Reporter Tribunnews.com Lusius Genik melaporkan-Jakarta, TRIBUNNEWS.COM-Kementerian Perdagangan meyakini selama pandemi virus Corona atau Covid-19, kebutuhan pangan menjadi prioritas utama masyarakat. Sambuaga mengajak produsen makanan untuk menjawab tantangan tersebut agar dapat terus berinovasi di bidang pangan.

Lebih kreatif dalam hal pengembangan produk, peningkatan kualitas produk dan pembuatan makanan dengan mengutamakan kualitas, keamanan dan kebersihan. : Menteri Koperasi: Dampak pandemi Covid-19 terhadap UMKM yang tidak seragam- “Inovasi pangan harus berorientasi lokal agar bisa menjadi pilihan utama konsumen agar tetap sehat (saat Covid-19),” Kata Jerry pada upacara pembukaan acara “Inovasi”. Masakan Indonesia, Senin (24 Agustus 2020).
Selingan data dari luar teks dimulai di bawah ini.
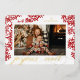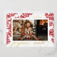 This elegant holiday photo card features a hand drawn border with red winter berries and foliage and a real gold foil flourished script greeting reading "Joyeux Noel" accenting a single customisable photo for a classic traditional holiday feel. The back adds unique interest with a matching red and white foliage pattern.

Jerry mengatakan dari sisi potensi pasokan, Indonesia memiliki sumber pangan yang melimpah.

Kean berharap kekayaan flora dan faunanya dapat memenuhi kebutuhan pangan masyarakat Indonesia di bawah situasi Covid-19 dengan sebaik-baiknya. Pengembangan produk melalui proses perubahan. Jerry menyimpulkan: “Oleh karena itu, produk tersebut halal, bergizi, dapat diterima konsumen, dan tentunya aman bagi orang yang mengonsumsi makanan.”